__AVAILABLE DATA__:
---+---

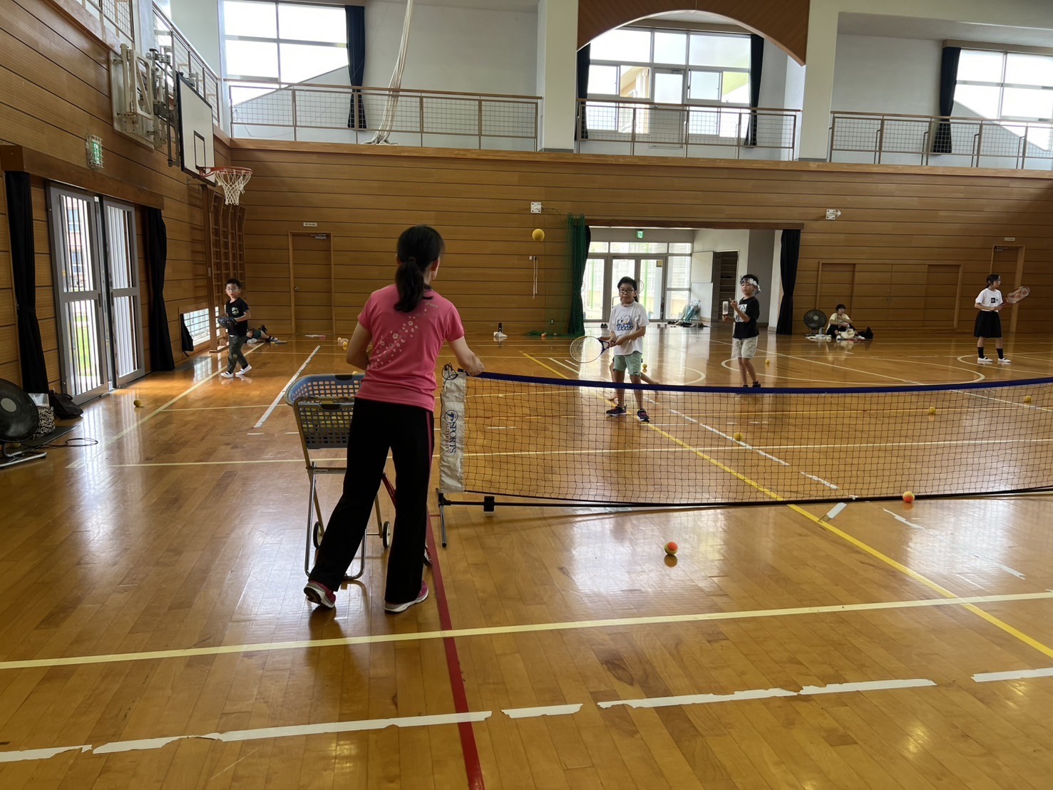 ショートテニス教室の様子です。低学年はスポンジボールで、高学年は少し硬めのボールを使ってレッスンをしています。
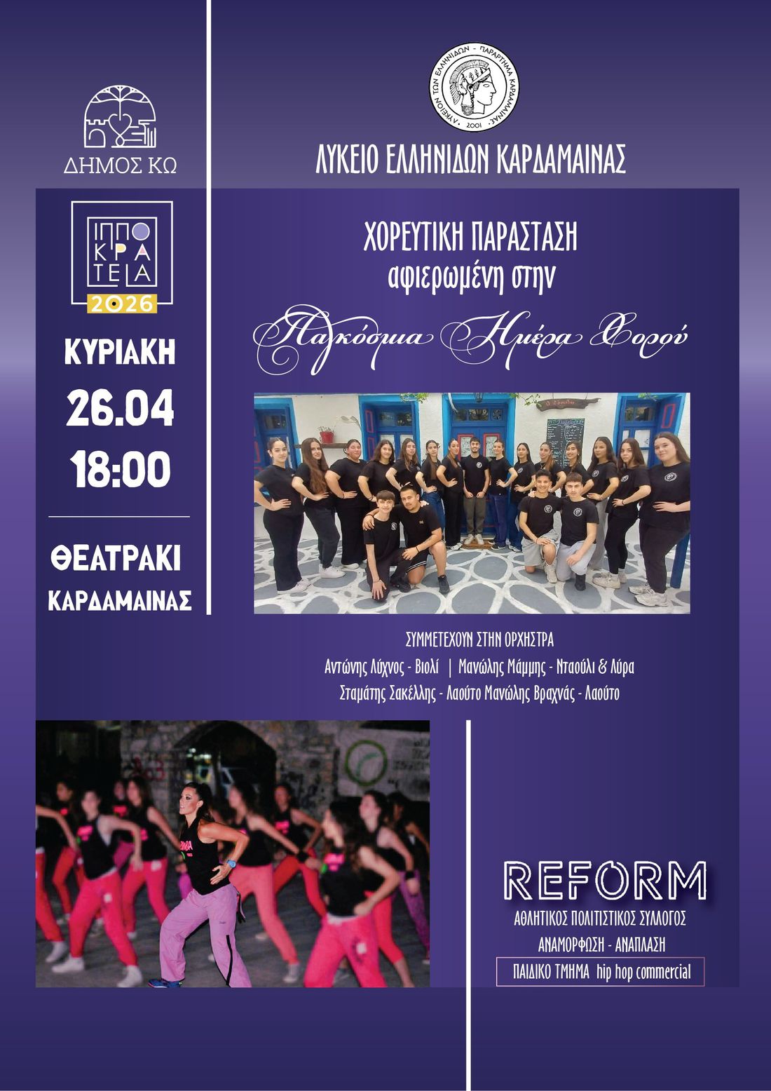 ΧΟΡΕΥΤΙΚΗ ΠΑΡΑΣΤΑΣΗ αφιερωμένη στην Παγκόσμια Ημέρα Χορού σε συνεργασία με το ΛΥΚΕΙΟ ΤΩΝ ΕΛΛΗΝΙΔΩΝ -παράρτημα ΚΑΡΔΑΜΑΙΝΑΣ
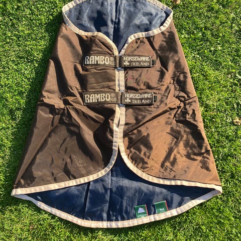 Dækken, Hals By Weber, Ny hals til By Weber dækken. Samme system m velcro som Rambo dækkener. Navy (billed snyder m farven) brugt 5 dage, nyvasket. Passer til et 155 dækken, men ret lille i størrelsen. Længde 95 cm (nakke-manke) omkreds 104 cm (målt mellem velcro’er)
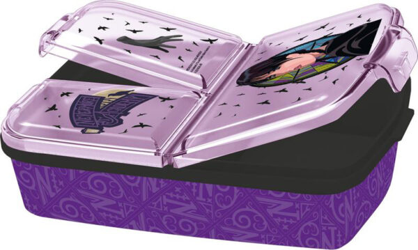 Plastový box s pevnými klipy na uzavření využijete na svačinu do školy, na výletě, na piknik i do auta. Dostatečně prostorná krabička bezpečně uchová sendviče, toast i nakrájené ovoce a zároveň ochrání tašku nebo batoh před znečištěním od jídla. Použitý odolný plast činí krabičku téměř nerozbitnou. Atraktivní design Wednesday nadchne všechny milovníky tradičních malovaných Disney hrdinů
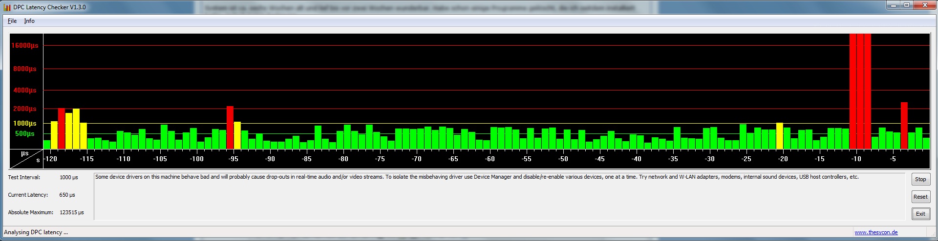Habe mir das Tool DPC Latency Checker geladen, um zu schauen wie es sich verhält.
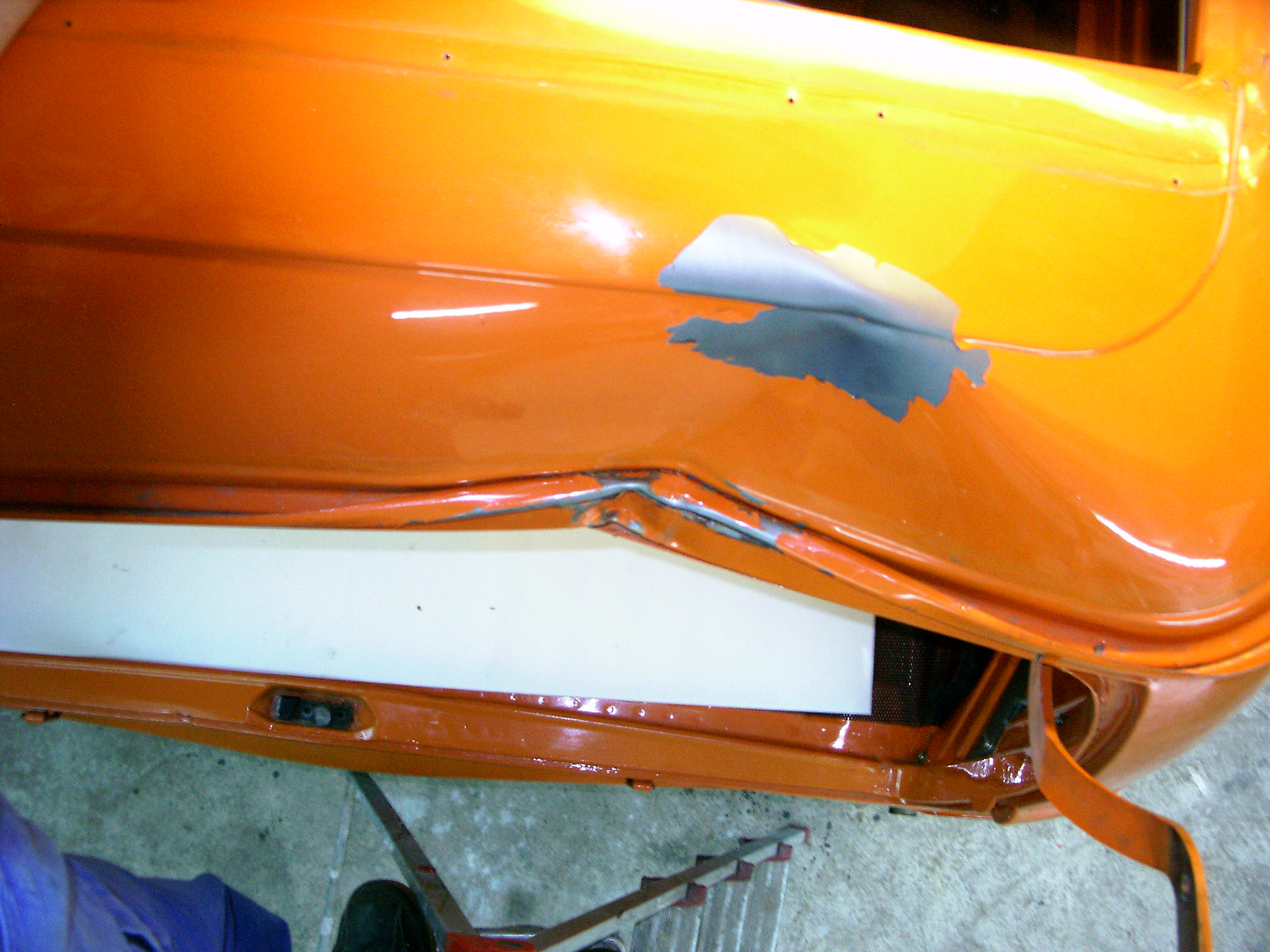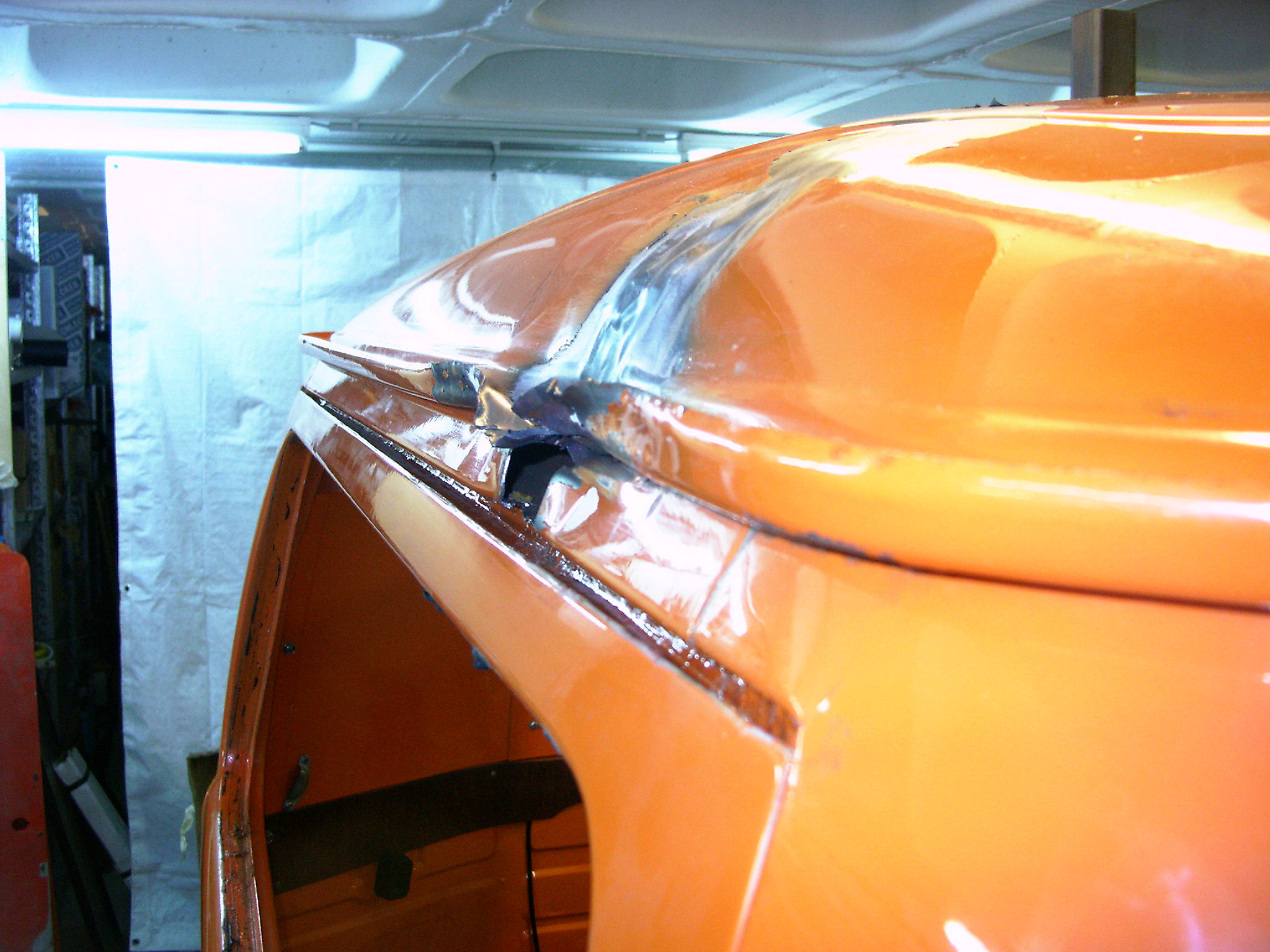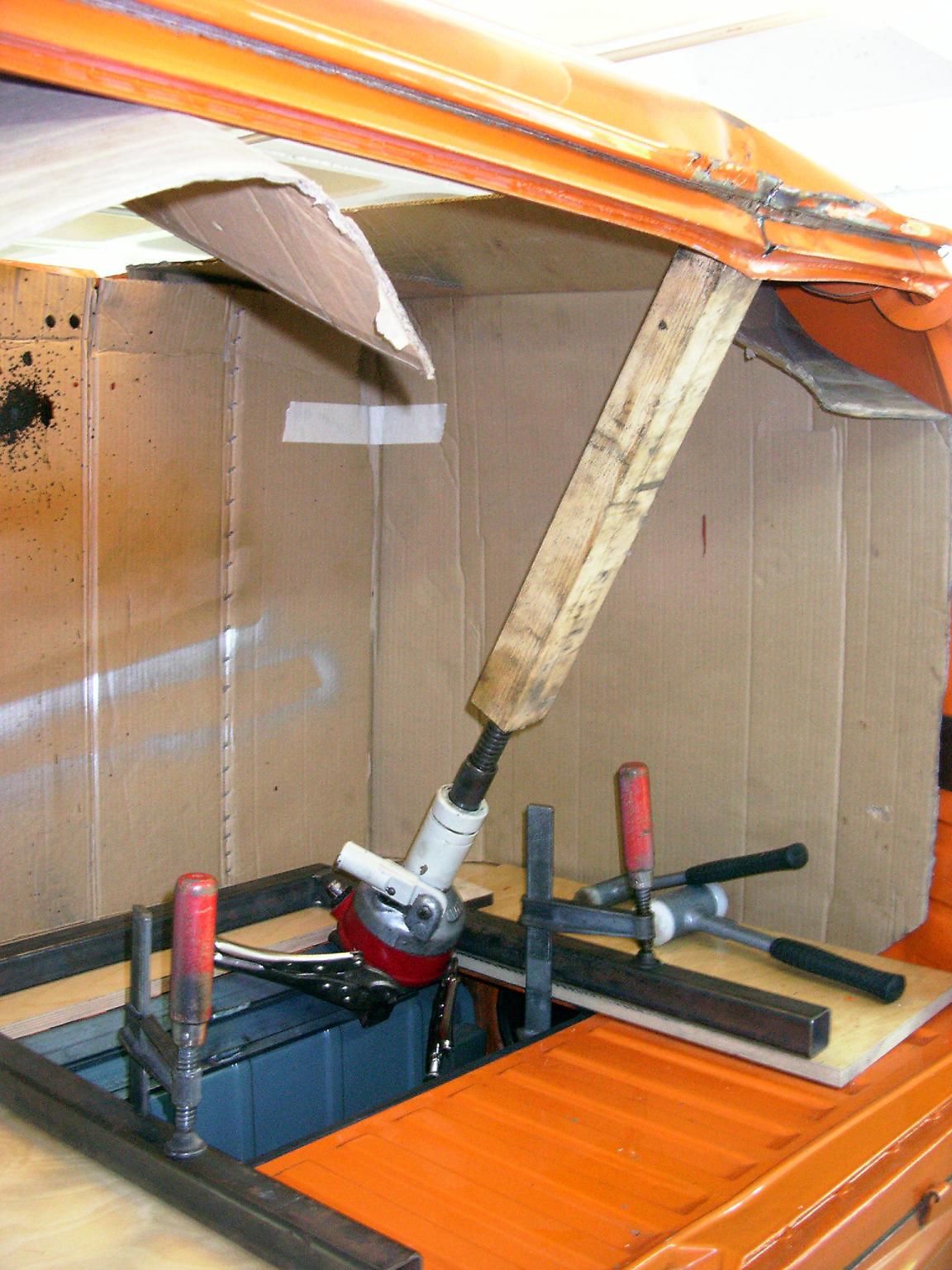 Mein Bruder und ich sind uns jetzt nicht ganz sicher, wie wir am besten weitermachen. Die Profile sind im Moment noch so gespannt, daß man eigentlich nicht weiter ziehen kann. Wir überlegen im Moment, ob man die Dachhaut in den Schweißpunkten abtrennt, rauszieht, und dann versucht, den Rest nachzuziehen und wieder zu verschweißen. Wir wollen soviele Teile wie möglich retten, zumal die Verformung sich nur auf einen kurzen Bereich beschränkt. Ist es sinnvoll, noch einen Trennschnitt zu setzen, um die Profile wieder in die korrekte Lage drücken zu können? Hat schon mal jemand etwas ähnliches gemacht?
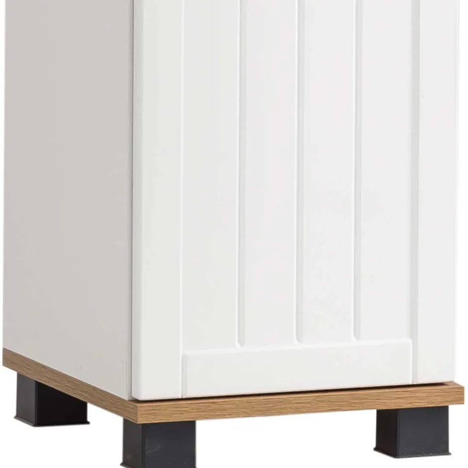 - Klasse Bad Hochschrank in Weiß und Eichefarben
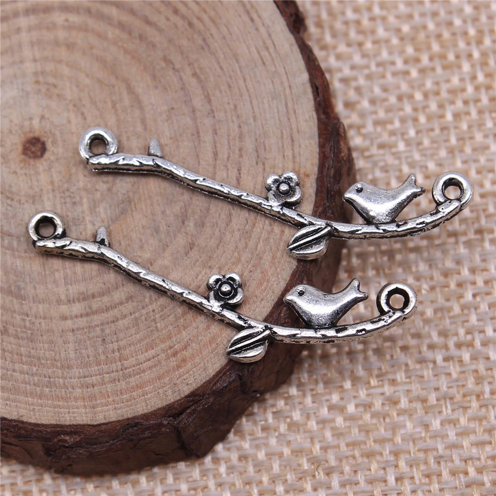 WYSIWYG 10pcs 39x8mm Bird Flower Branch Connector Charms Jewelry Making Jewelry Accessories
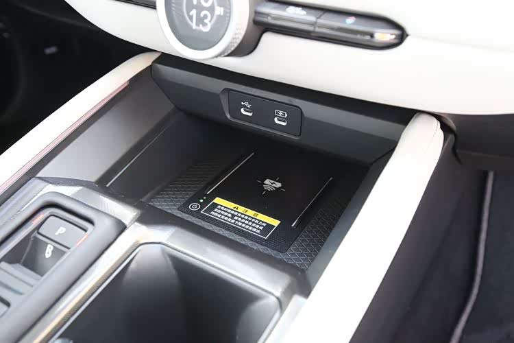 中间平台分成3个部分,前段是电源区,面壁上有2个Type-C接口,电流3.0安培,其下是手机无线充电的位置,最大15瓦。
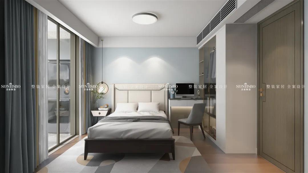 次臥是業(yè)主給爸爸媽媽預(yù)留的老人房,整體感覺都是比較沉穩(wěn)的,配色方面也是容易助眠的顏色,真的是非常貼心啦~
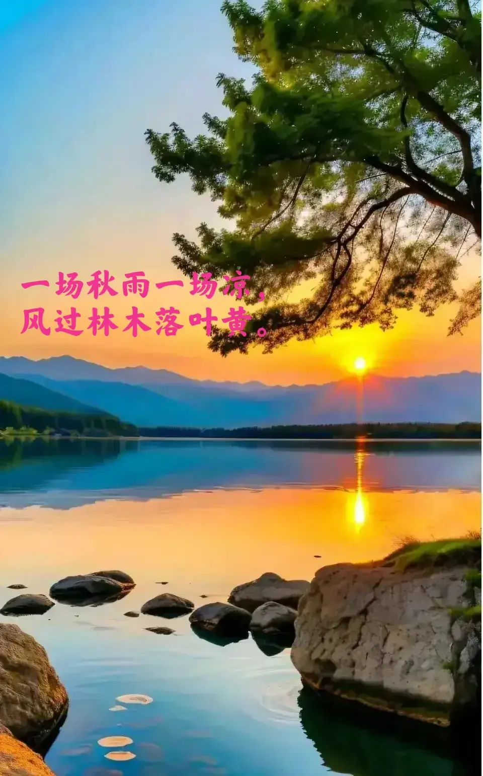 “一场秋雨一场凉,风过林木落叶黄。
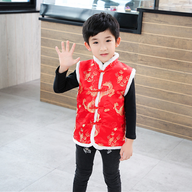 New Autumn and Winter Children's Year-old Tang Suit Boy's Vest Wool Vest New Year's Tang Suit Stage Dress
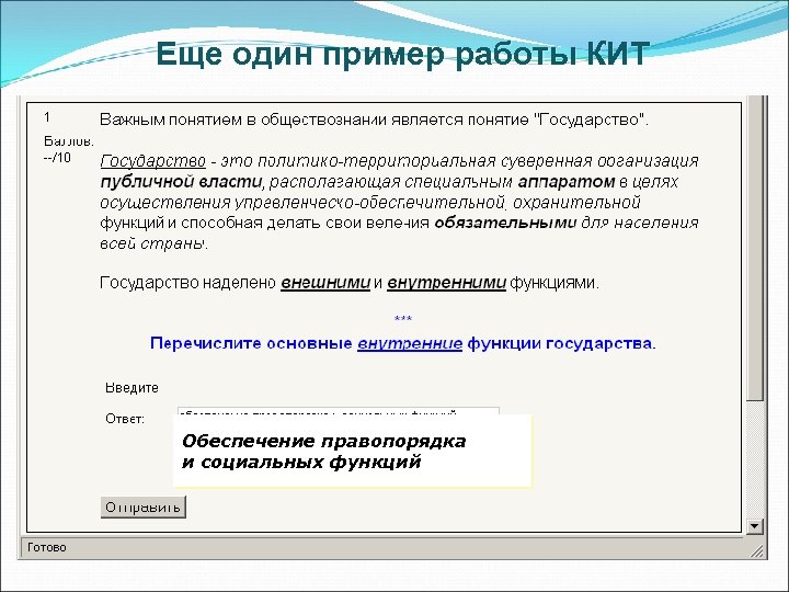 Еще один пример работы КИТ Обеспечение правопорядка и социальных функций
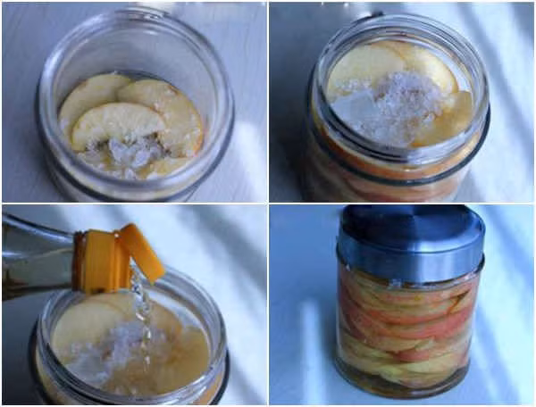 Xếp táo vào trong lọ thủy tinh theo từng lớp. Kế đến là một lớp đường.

---+---

Would you retype exactly the lines running from the line that contains "Mein Bruder und" through the end of the listing above, both included? Skip every picture.

__YOUR SOLUTION__:
 Mein Bruder und ich sind uns jetzt nicht ganz sicher, wie wir am besten weitermachen. Die Profile sind im Moment noch so gespannt, daß man eigentlich nicht weiter ziehen kann. Wir überlegen im Moment, ob man die Dachhaut in den Schweißpunkten abtrennt, rauszieht, und dann versucht, den Rest nachzuziehen und wieder zu verschweißen. Wir wollen soviele Teile wie möglich retten, zumal die Verformung sich nur auf einen kurzen Bereich beschränkt. Ist es sinnvoll, noch einen Trennschnitt zu setzen, um die Profile wieder in die korrekte Lage drücken zu können? Hat schon mal jemand etwas ähnliches gemacht?
 - Klasse Bad Hochschrank in Weiß und Eichefarben
 WYSIWYG 10pcs 39x8mm Bird Flower Branch Connector Charms Jewelry Making Jewelry Accessories
 中间平台分成3个部分,前段是电源区,面壁上有2个Type-C接口,电流3.0安培,其下是手机无线充电的位置,最大15瓦。
 次臥是業(yè)主給爸爸媽媽預(yù)留的老人房,整體感覺都是比較沉穩(wěn)的,配色方面也是容易助眠的顏色,真的是非常貼心啦~
 “一场秋雨一场凉,风过林木落叶黄。
 New Autumn and Winter Children's Year-old Tang Suit Boy's Vest Wool Vest New Year's Tang Suit Stage Dress
 Еще один пример работы КИТ Обеспечение правопорядка и социальных функций
 Xếp táo vào trong lọ thủy tinh theo từng lớp. Kế đến là một lớp đường.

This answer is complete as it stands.